Full Description
Around 1350, a young Jewish girl in a French village begins to have premonitions of the future. She draws rockets in the sand, explains these marvels to her grandfather, and visits a silent madwoman. The streets of the village are populated by farmers selling produce, itinerant storytellers and renegade friars. Like most of Meredith Monk's performance works, BOOK OF DAYS weaves together characters, music, movement, time and space. In this remarkably moving film, Monk skillfully draws parallels between a time of plague and fear of Apocalypse, and our time of AIDS and fear of nuclear annihilation.
Filmmaker Bio(s)
Meredith Monk is a composer, singer, creator of new opera and musical theater works, films and installations. A pioneer in what is now called extended vocal technique and interdisciplinary performance, she is the fourth generation singer in her family. Since graduating from Sarah Lawrence College in 1964, she has created more than 100 works. During a career that spans more than 35 years she has been acclaimed by audiences and critics as a major creative force in the performing arts.
Monk has received numerous awards throughout her career, including the prestigious MacArthur Genius Award in 1995, two Guggenheim Fellowships, a Brandeis Creative Arts Award, three Obies (including an award for Sustained Achievement), two Villager Awards, a Bessie for Sustained Creative Achievement, the 1986 National Music Theatre Award, sixteen ASCAP Awards for Musical Composition and the 1992 Dance Magazine Award. She holds honorary Doctor of Arts degrees from Bard College, the University of the Arts, The Julliard School, and the San Francisco Art Institute. Her recordings Dolmen Music (ECM New Series) and Our Lady of Late: The Vanguard Tapes (Wergo) were honored with the German Critics Prize for Best Records of 1981 and 1986. Her music has been heard in numerous films, including La Nouvelle Vague by Jean-Luc Godard and The Big Lebowski by Joel and Ethan Coen. A new publishing relationship with Boosey & Hawkes will make Meredith Monk's music available to a wider public for the first time.
In 1965 Monk began her groundbreaking exploration of the voice as a multi-faceted instrument and subsequently composed and performed many solo pieces for unaccompanied voice and voice/keyboard. In 1978 she formed Meredith Monk and Vocal Ensemble to further expand her musical textures and forms. She has made more than a dozen recordings, most of which are on the ECM New Series label. Her music has been performed by numerous soloists and groups including The Chorus of the San Francisco Symphony, Musica Sacra, The Pacific Mozart Ensemble, Double Edge, and Bang On A Can All-Stars, among others.
Monk is a pioneer in site-specific performance, creating works such as Juice: A Theater Cantata In 3 Installments (1969) and most recently American Archeology #1: Roosevelt Island (1994).

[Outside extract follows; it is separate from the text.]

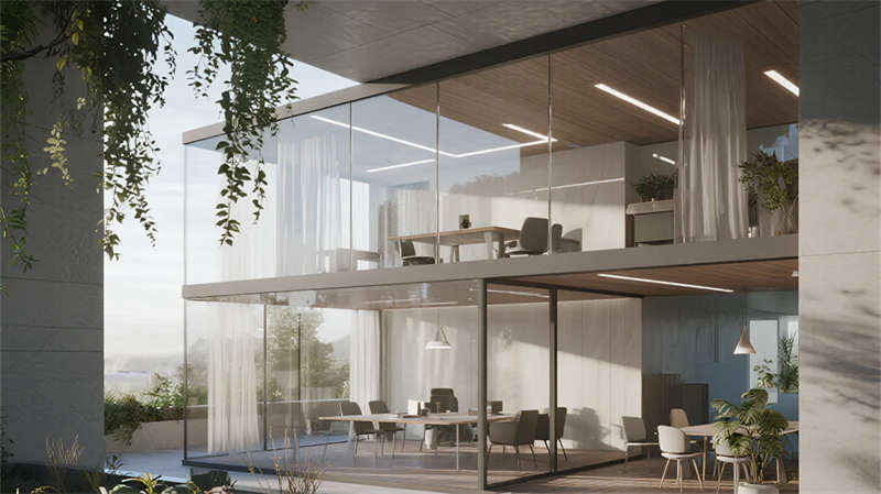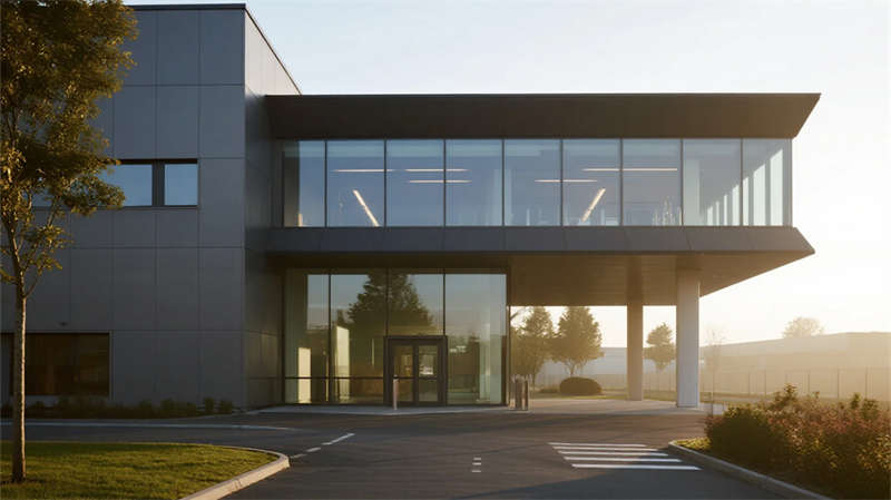 本設(shè)計(jì)以現(xiàn)代簡(jiǎn)約語言重構(gòu)廠房美學(xué)。設(shè)計(jì)摒棄冗余裝飾,聚焦材料本質(zhì)——銀灰金屬立面與通透玻璃幕墻形成虛實(shí)對(duì)比,利落線條切割出幾何體塊,在光影流動(dòng)中彰顯力量感。廠區(qū)布局強(qiáng)調(diào)功能與自然的共生:屋頂光伏板陣列呼應(yīng)綠色生產(chǎn)理念,嵌入式空中花園與竹林連廊為鋼鐵空間注入呼吸感,員工休憩區(qū)模糊了工業(yè)與生活的邊界。

She is also an accomplished filmmaker who has made a series of award-winning films including Ellis Island (1981) and her first feature, Book Of Days (1988), which was aired on PBS, shown at the New York Film Festival and selected for the Whitney Museum’s Biennial. A retrospective art exhibition, Meredith Monk: Archeology of an Artist, opened at The New York Public Library for the Performing Arts at Lincoln Center in 1996. Other recent art exhibits are comprised of a major installation, Art Performs Life at The Walker Art Center, a show “Shrines” at the Frederieke Taylor / TZ’ Art Gallery and inclusion in the Whitney Museum Century of American Art. A monograph, Meredith Monk, edited by Deborah Jowitt was released by Johns Hopkins Press in 1997.
In July 2000 her music was honored by a three concert retrospective as part of the Lincoln Center Festival. Earlier this year Meredith Monk and Vocal Ensemble completed a seven-week domestic tour of her latest work - Magic Frequencies: a science fiction chamber opera and in the spring of 1999 a domestic tour of A Celebration Service, a nonsectarian worship service commissioned by the American Guild of Organists and Union Theological Seminary that melds her haunting vocal music with spiritual texts drawn from two millennia. In October 1999 Monk performed a Vocal Offering for His Holiness, the Dalai Lama as part of the World Festival of Sacred Music in Los Angeles.